Recorded information:

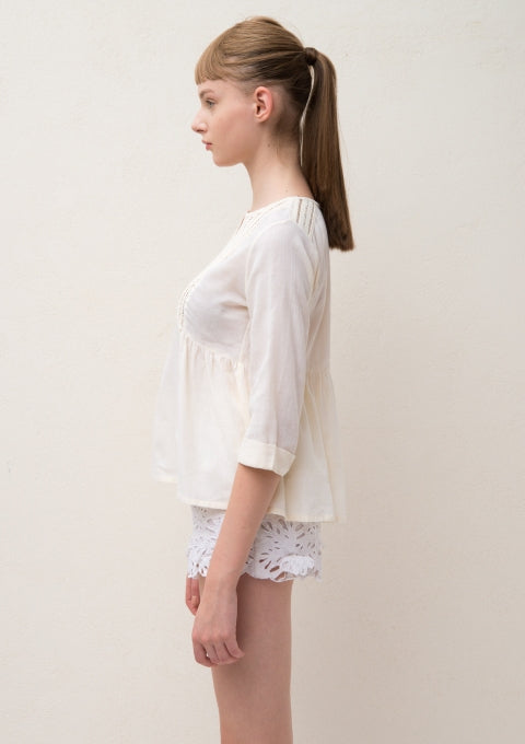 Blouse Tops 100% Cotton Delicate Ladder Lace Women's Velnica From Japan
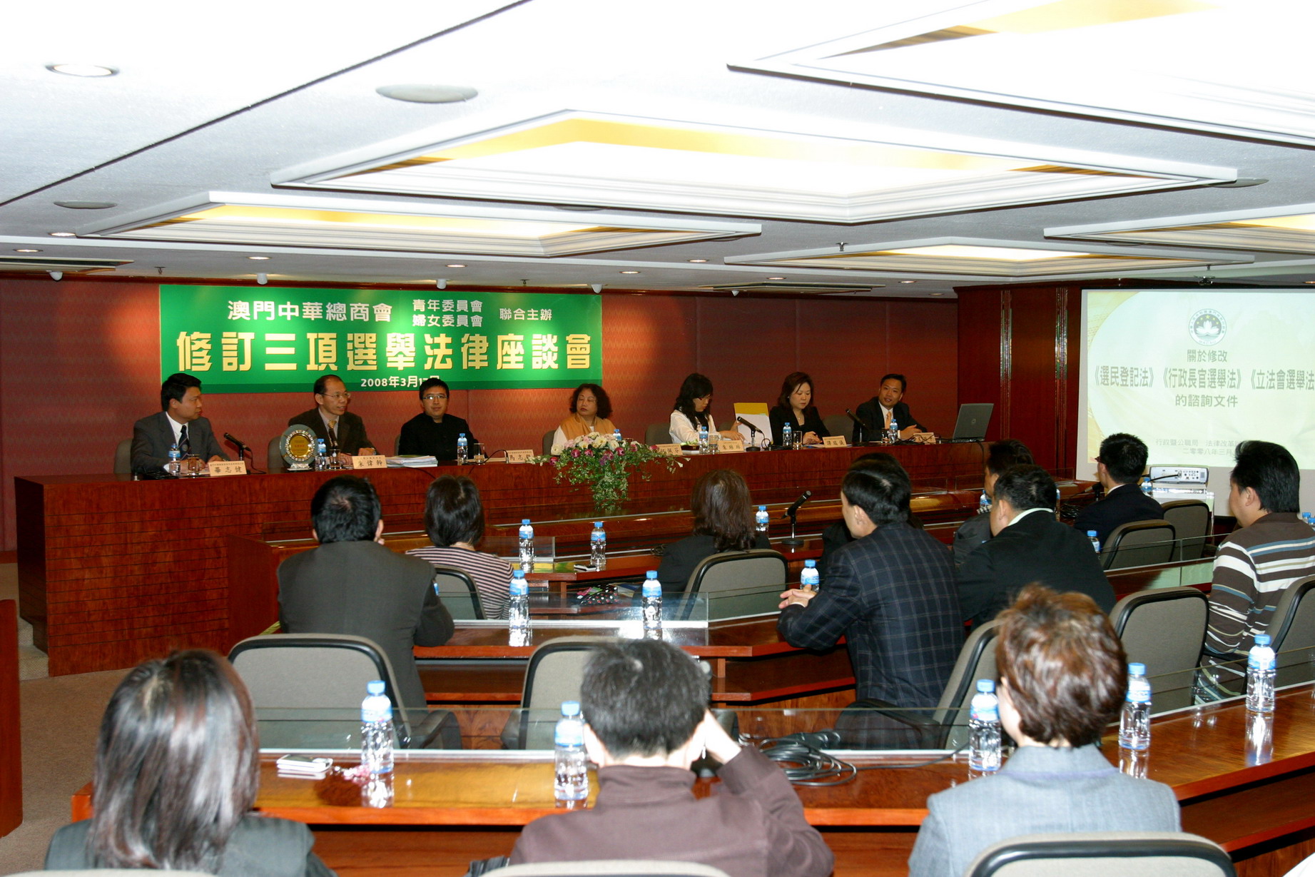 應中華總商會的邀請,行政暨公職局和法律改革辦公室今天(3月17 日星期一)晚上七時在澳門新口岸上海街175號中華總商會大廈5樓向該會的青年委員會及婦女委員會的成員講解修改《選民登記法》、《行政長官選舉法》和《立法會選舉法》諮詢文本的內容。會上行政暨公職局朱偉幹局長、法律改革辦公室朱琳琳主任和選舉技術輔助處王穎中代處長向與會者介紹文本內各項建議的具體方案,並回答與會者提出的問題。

==

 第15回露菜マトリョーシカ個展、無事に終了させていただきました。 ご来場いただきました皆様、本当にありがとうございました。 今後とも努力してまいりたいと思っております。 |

Assigned task: In the listing above, the required lines run from the line with "Blouse Tops 100%" through the line with "應中華總商會的邀請,行政暨公". Output exactly those lines, omitting pictures.

Your solution:
 Blouse Tops 100% Cotton Delicate Ladder Lace Women's Velnica From Japan
 應中華總商會的邀請,行政暨公職局和法律改革辦公室今天(3月17 日星期一)晚上七時在澳門新口岸上海街175號中華總商會大廈5樓向該會的青年委員會及婦女委員會的成員講解修改《選民登記法》、《行政長官選舉法》和《立法會選舉法》諮詢文本的內容。會上行政暨公職局朱偉幹局長、法律改革辦公室朱琳琳主任和選舉技術輔助處王穎中代處長向與會者介紹文本內各項建議的具體方案,並回答與會者提出的問題。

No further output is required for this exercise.